More than 64 percent of twelve to eighteen year olds have received at least one dose of vaccine, almost 50 percent have complete vaccination protection. During the summer vacation, the Minister of Education announced that vaccinated students do not have to be quarantined, even if their bank neighbor was infected with Covid-19. From the age of six, it is mandatory to wear a mask, classes should not be mixed up. If a Covid case occurs, elementary school classes should be in quarantine for a week. Teachers’ unions complain that the protective measures are too lax in view of the incidence in France; nationwide, the value is currently just under 170 infected people per 100,000 inhabitants in the past seven days.

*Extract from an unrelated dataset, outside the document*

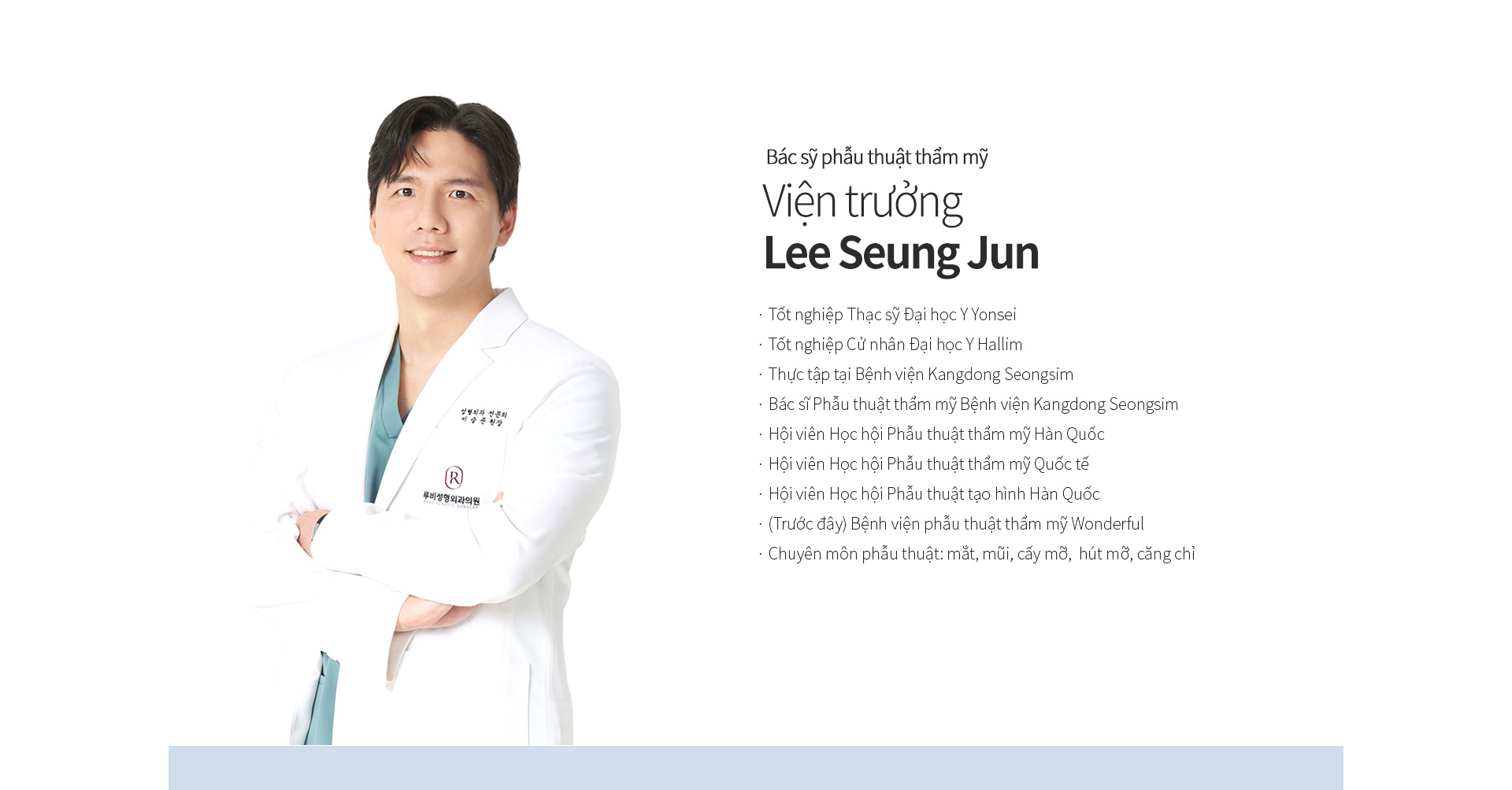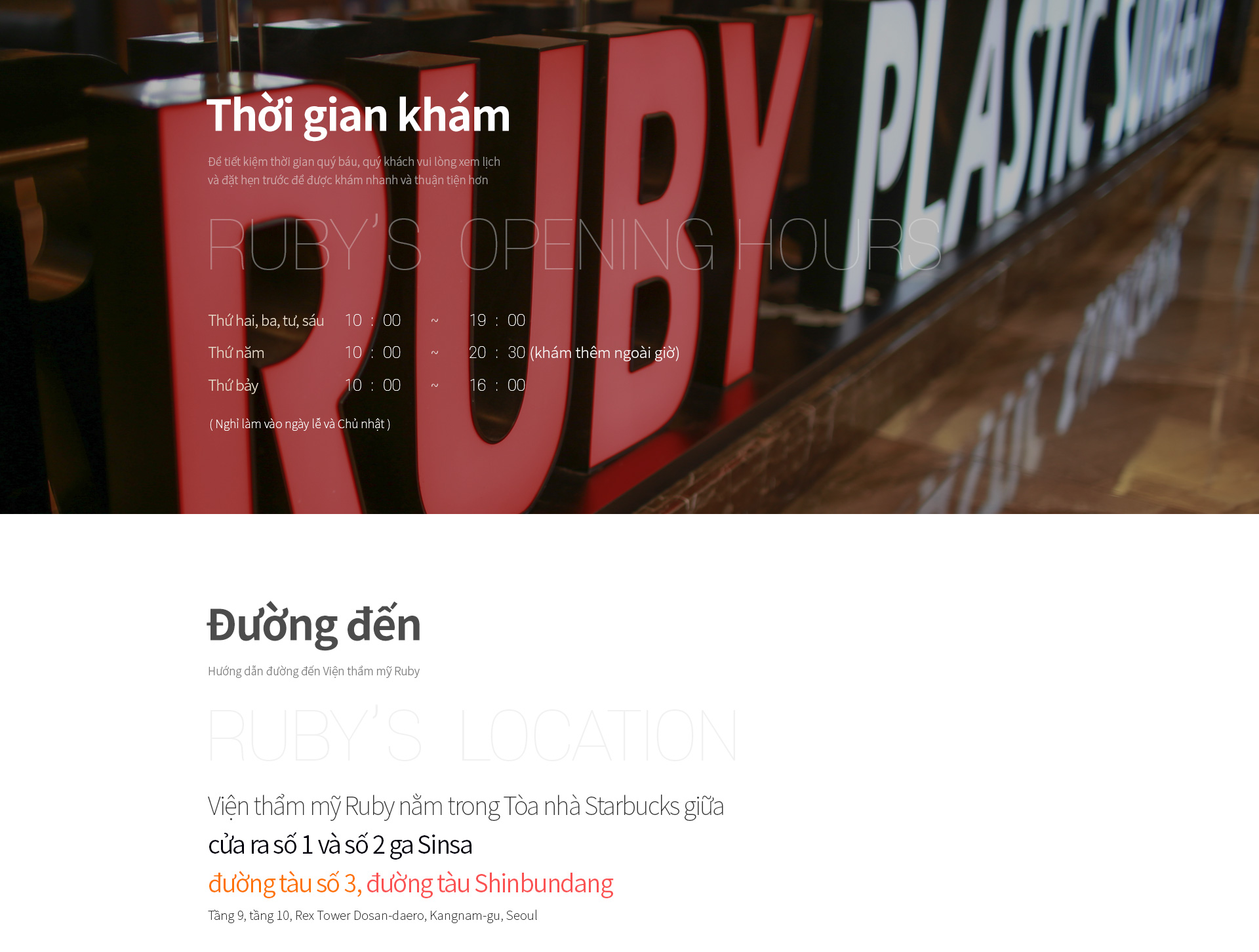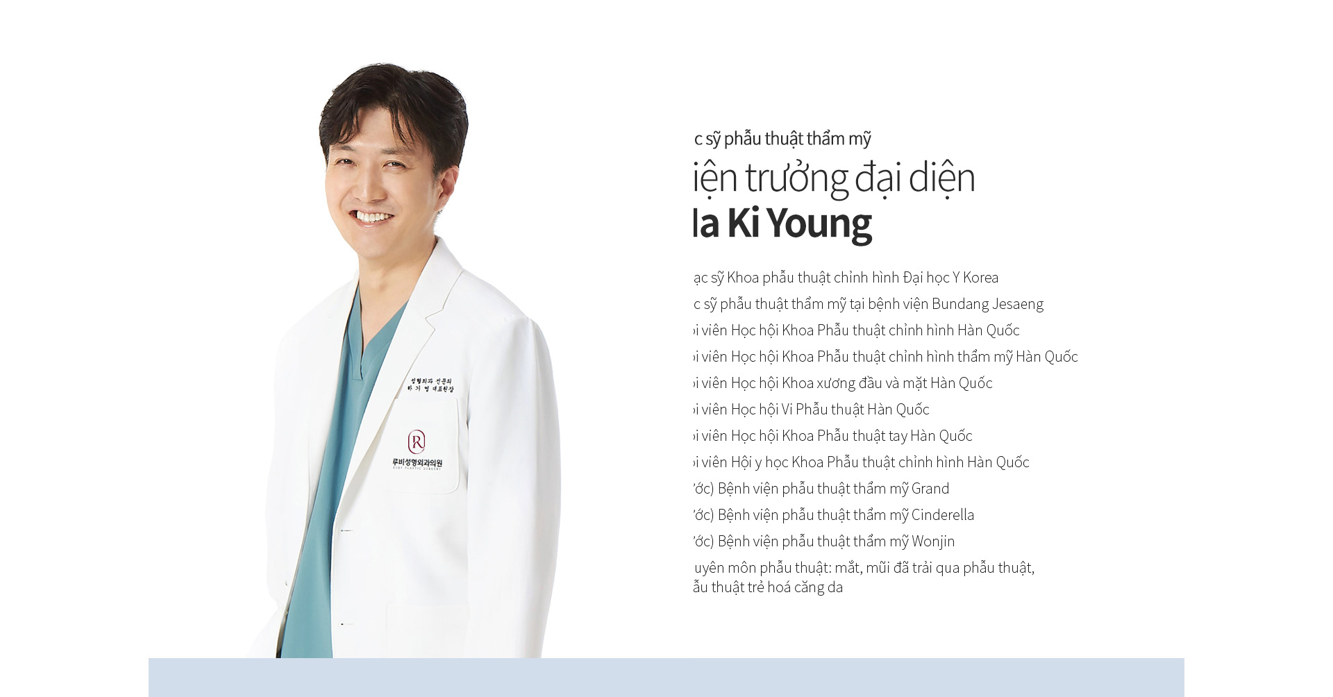 RUBY'S Competitivity Viện thẩm mỹ Ruby tạo ra kết quả khác biệt bằng sự tự tin và năng lực khác biệt trong ngành thẩm mỹ! Điểm cạnh tranh chủ yếu của Ruby Viện thẩm mỹ Ruby luôn đặt sự an toàn của khách hàng lên ưu tiên hàng đầu Chúng tôi coi trọng việc thấu hiểu để đáp ứng nhu cầu của quý khách Chúng tôi tìm kiếm vẻ đẹp phù hợp riêng với từng cá nhân Cung cấp dịch vụ y tế uy tín, đáng tin cậy Different Skills Different Resuls cùng với Ruby Bạn sẽ trở nên đặc biệt hơn bao giờ hết Viện thẩm mỹ Ruby với đội ngũ y bác sỹ giàu kinh nghiệm sau khi tư vấn cho khách hàng một cách thẳng thắn và trung thực, sẽ tiến hành phân tích chính xác để đưa ra kế hoạch tìm kiếm vẻ đẹp phù hợp và chi tiết nhất cho bạn Viện thẩm mỹ Ruby không chỉ mang đến vẻ đẹp mà còn nâng cao giá trị cuộc sống Điều bạn cần ngay lúc này đây, chính là Viện thẩm mỹ Ruby! PLASTIC SURGERY RUBY Refresh Bạn sẽ cảm nhận được niềm vui của cuộc sống mới Unique Beauty Chúng tôi sẽ giúp bạn tìm kiếm Nâng chuẩn mực của cái đẹp vẻ đẹp của riêng mình lên một tầm cao mới Young Bạn sẽ trẻ dần ra từ bên ngoài đến tận sâu bên trong da RUBY PLASTIC SURGERY Specialist Medical Team 01 Đội ngũ y bác sỹ từng lĩnh vực dịch vụ y tế phù hợp với từng cá nhân Đội ngũ y bác sỹ giỏi về phẫu thuật thẩm mỹ, petit & da liễu, gây mê sẽ làm hết sức mình để khiến bạn hài lòng #hệ thống y tế phù hợp với từng đối tượng một cách có hệ thống #dịch vụ y tế lấy sự hài lòng của thượng để làm trọng tâm 02 Phẫu thuật thẩm mỹ từng lĩnh vực xây dựng hệ thống y tế chuyên môn đội ngũ nhân sự y tế giàu kinh nghiệm Đảm nhận từ khâu tư vấn đến phẫu thuật và chăm sóc sau phẫu thuật #đội ngũ chuyên trách theo từng lĩnh vực thẩm mỹ #Nói KHÔNG với mượn tên bác sỹ hay tráo đổi bác sỹ phẫu thuật 03 Tư vấn thẳng thắn và trung thực dựa trên nền tảng uy tín với khách hàng Tư vấn kỹ lưỡng và phân tích tỉ mỉ những vấn đề hiện tại Để đưa ra giải pháp phẫu thuật thật sự cần thiết cho khách, tránh dư thừa #Lập kế hoạch phù hợp với từng cá nhân #Kết quả tốt, mức độ hài lòng cao ОЦ Chịu trách nhiệm về kết quả phẫu thuật! Thi hành chế độ bảo hành phẫu thuật 1 năm Chúng tôi luôn lấy mục tiêu đạt kết quả tốt nhất nhưng đôi khi có trường hợp cần tái phẫu thuật, có thể thảo luận với đội ngũ y bác sỹ tiến hành tái phẫu thuật miễn phí trong vòng 1năm. Chúng tôi không chịu trách nhiệm với những vấn đề do lỗi từ phía khách hàng. #phẫu thuật mắt hai mí miễn phí trong vòng 1 năm #Ngoài ra, những phẫu thuật khác cần tư vấn 05 Xây dựng hệ thống an toàn tuyệt đối nhằm cung cấp dịch vụ phẫu thuật an toàn Để phòng bị khi có tình huống khẩn cấp xảy ra Viện thẩm mỹ Ruby đã chuẩn bị một hệ thống trang thiết bị an toàn #máy kích nhịp tim #hệ thống tự phát điện (UPS) #trang bị cứu trợ khẩn cấp #tập huấn ứng phó tình huống khẩn cấp Hệ thống gây mê an toàn với đội ngũ chuyên gia Khoa gây mê Chuyên gia Khoa gây mê sẽ kiểm tra trạng thái gây mê của bệnh nhân đồng thời gian thực để đảm bảo ca phẫu thuật an toàn. #Giám sát đồng thời gian gây mê #ghi chép gây mê bệnh nhân theo đơn vị phút 08 Hệ thống quản lý hậu phẫu, càng tuyệt đối hơn sau phẫu thuật Tiến hành chăm sóc hậu phẫu giúp hồi phục nhanh sau phẫu thuật Giúp giảm thiểu những bất tiện phát sinh do phẫu thuật. #Chăm sóc lazer & sóng cao tần #Chăm sóc sẹo & Tiêm sẹo RUBY'S Competitivity Viện thẩm mỹ Ruby tạo ra kết quả khác biệt biệt trong ngành thẩm mỹ! bằng sự tự tin và năng lực khác 07 Quản lý ô nhiễm phòng phẫu thuật Lắp đặt CCTV Để duy trì phòng phẫu thuật luôn sạch sẽ, CCTV được lắp đặt trong tất cả các phòng phẫu thuật. #hệ thống thanh lọc không khí trong phòng phẫu thuật #ghi hình toàn bộ quá trình phẫu thuật

Denmark takes a different approach compared to many other countries. A few weeks after the start of the school year, the country wants to abolish all corona restrictions on September 10. For this government plan, schools are one of the major risk factors. It is based on the record vaccination rate of the Danes, 72 percent of the population are already fully vaccinated, which is one percentage point more than in Spain and the highest figure in Europe. However, the pupils are outliers: In Denmark, almost 60 percent of the twelve to 15-year-olds received their first vaccination, but younger children are not vaccinated.

Denmark's Princess Mary opens the first international primary school on the island of Lolland.

Denmark’s Princess Mary opens the first international primary school on the island of Lolland.

(Photo: Images / PPE)

There have already been regular outbreaks in schools in Denmark, and epidemiologists expect the number of infections among children to rise rapidly in autumn. Schools should only be closed if there are 30 or 40 infected people. Danish policy is based on the fact that children fall ill less often and that the disease then usually turns out to be mild. The question remains to what extent the delta and possible new variants of the virus will affect children in winter. And will the schools not be the first places in Denmark where the restrictions will be reintroduced?